Mijn goede vriend Cees Beulgens is u misschien wel bekend. Niet vanwege zijn naam, maar ongetwijfeld van zijn werk. Zijn werk staat, hangt en zweeft in de bekendste musea, zij het niet door hem gesigneerd. Cees boetseerde van kindsbeen af naar de natuur, een wonderkind op dat gebied. Hij copieerde virtuoos dieren, objecten, mensen, niet van echt te onderscheiden. Zo raakte hij spelenderwijs verzeild op de kunstacademie, zijn techniek was al uitmuntend toen hij begon, wat kunst inhield zouden ze hem daar wel bijbrengen in vier jaar. Hij studeerde cum laude af voor de uitvoering, maar het kunstgehalte vond de commissie onder de maat. Cees was naar de natuur blijven werken, alleen het formaat blies hij soms op, of liet het krimpen, toen vond men dat een kunstgreep.
Zijn techniek had hij alleen nog verfijnd door de huid van het beeld te perfectioneren.
Cees had geen verhaal bij zijn beelden. Het werk had geen succes.
Hij klaagde tegen mij vaak over het feit dat hij geen idee had wat kunst was. Dat hij geen idee had wat een goed idee was om te realiseren.

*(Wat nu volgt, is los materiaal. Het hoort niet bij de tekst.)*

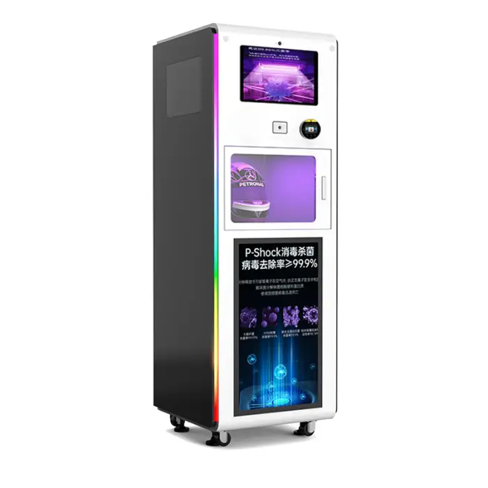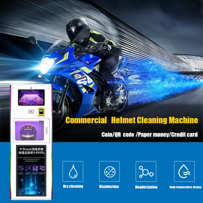 The Motorcycle Helmet Vendo Machine is an automatic cleaning machine designed to dry clean and deodorize motorcycle helmets quickly, making it ideal for busy public spaces.
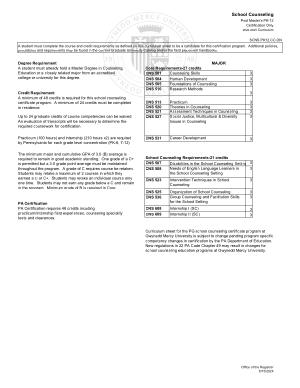 Curriculum sheet for the PG school counseling certificate program at Gwynedd Mercy University is subject to change pending program specific competency changes in certification by the PA Department of Education . New regulations in 22 PA Code Chapter 49 may result in changes for school counseling education programs at Gwynedd Mercy University .
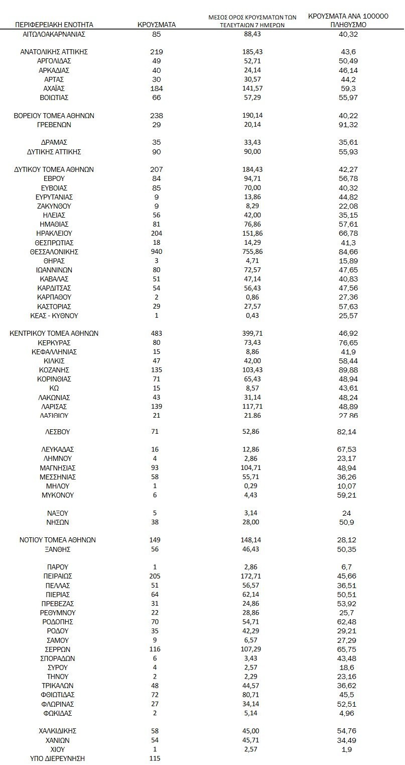 Η κατανομή των 5.517 νέων εγχώριων κρουσμάτων ανά Περιφερειακή Ενότητα παρουσιάζεται στον κατωτέρω πίνακα.
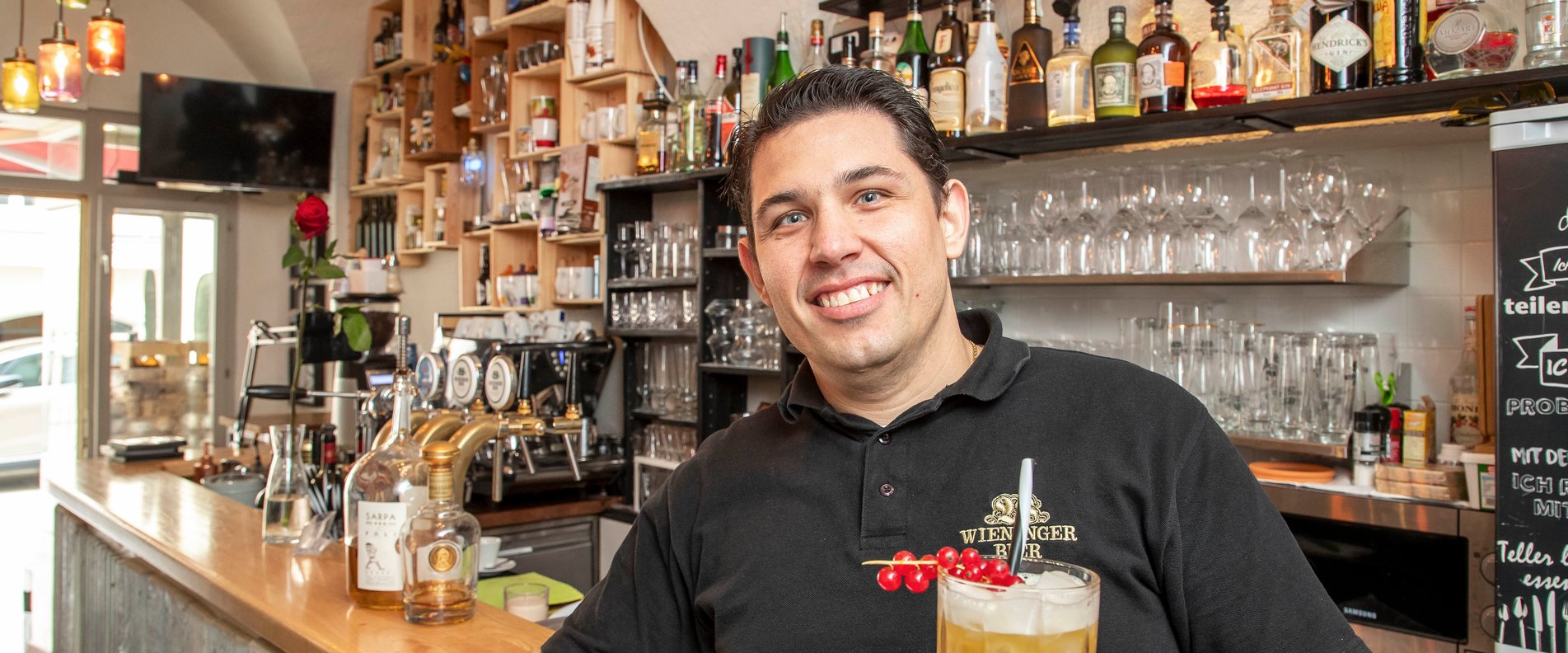 Das kleine und bunte Lokal in der Linzer Gasse ist der ideale Ort für einen entspannten Feierabend, für (Geburtstags-)Partys oder um ganz einfach die Zeit bei einem Drink und kleinen Köstlichkeiten zu genießen. Die Gastgeber üben ihre Leidenschaft für die Gastronomie bereits seit 15 Jahren aus und haben schon in den unterschiedlichsten Ländern gearbeitet. Und das spiegelt sich auch in der Speisen- und Getränkekarte wider: So können sich die Gäste, neben ausgewählten Bieren und italienischen Weinen, mit altem venezolanischem Rum, exotischen Cocktails und kalten Platten verwöhnen lassen.
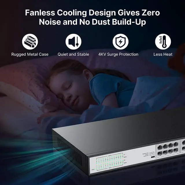 STANDARD POE SWITCHPD Detection, Automatically detect and provide required power for your PoE devices and protect your non-PoE equipment from being damaged. PoE Extension data transmission up to 600ft long distance if needed (Transmission Speed will be reduced to 10Mbps if extend function is operating, must use high quality cable)

Zijn beelden zagen er te onecht echt uit, zoals sommige tropische vissen er te exuberant, te gelikt uit kunnen zien.
Rond 2004 kregen andere kunstenaars lucht van zijn kunde. Zijn marktwaarde steeg onder de clausule van strikte geheimhouding. Beulgens werd ingehuurd om briljante invallen van kunstbroeders uit te voeren. Hyperrealisme werd een rage.
Deze week is hij er definitief mee gestopt. De schapen zijn op het droge. De drijfveer om die sublieme natuur te copiëren bleek opeens gezonken, Cees had ervan genoten. Wat kunst is weet hij nog steeds niet.
Zijn laatste werk betrof een enorme ballon.
Het werk zweefde in een kerk. Cees verklapte mij dat het gewoon een echte enorme ballon was, gevuld met helium.
De ballon liep heel langzaam leeg gedurende de maandenlange expositie.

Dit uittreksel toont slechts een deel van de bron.